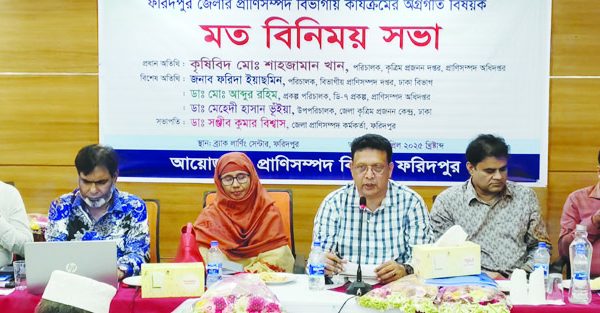 ফরিদপুর জেলা প্রাণিসম্পদ দপ্তরের আয়োজনে অনুষ্ঠিত মতবিনিময় সভায় ডি-৭ প্রকল্প এর প্রকল্প পরিচালক ডাঃ মোঃ আব্দুর রহিম, জেলা কৃত্রিম প্রজনন কেন্দ্র, ঢাকা এর উপ-পরিচালক ডাঃ মেহেদী হাসান ভূঁইয়া ও প্রাণিসম্পদ বিভাগে কর্মরত কর্মকর্তা এবং মাঠ পর্যায়ের কর্মকর্তারা উপস্থিত ছিলেন।
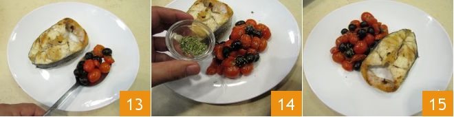 Serve your grilled gilthead bream fillets with the Mediterranean side dish 13, sprinkle with dried oregano 14, and serve them hot 15!
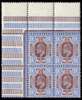 1911 9d Deep dull reddish purple & deep bright blue. Very fine unused o.g. top left hand corner marginal block of four printed at Somerset House with the right hand vertical pair showing varieties "Damaged S.E. corner" and "Damaged upper right corner" from Pl.H2, Pane D Position R.1/2 & R.2/2 respectively. Spec M41(2)d&e.

■ **Task directions**
Output only the lines running from the top of the data above to the line with "Serve your grilled", inclusive, word for word and without pictures.

■ **Task answer**
 ফরিদপুর জেলা প্রাণিসম্পদ দপ্তরের আয়োজনে অনুষ্ঠিত মতবিনিময় সভায় ডি-৭ প্রকল্প এর প্রকল্প পরিচালক ডাঃ মোঃ আব্দুর রহিম, জেলা কৃত্রিম প্রজনন কেন্দ্র, ঢাকা এর উপ-পরিচালক ডাঃ মেহেদী হাসান ভূঁইয়া ও প্রাণিসম্পদ বিভাগে কর্মরত কর্মকর্তা এবং মাঠ পর্যায়ের কর্মকর্তারা উপস্থিত ছিলেন।
 Serve your grilled gilthead bream fillets with the Mediterranean side dish 13, sprinkle with dried oregano 14, and serve them hot 15!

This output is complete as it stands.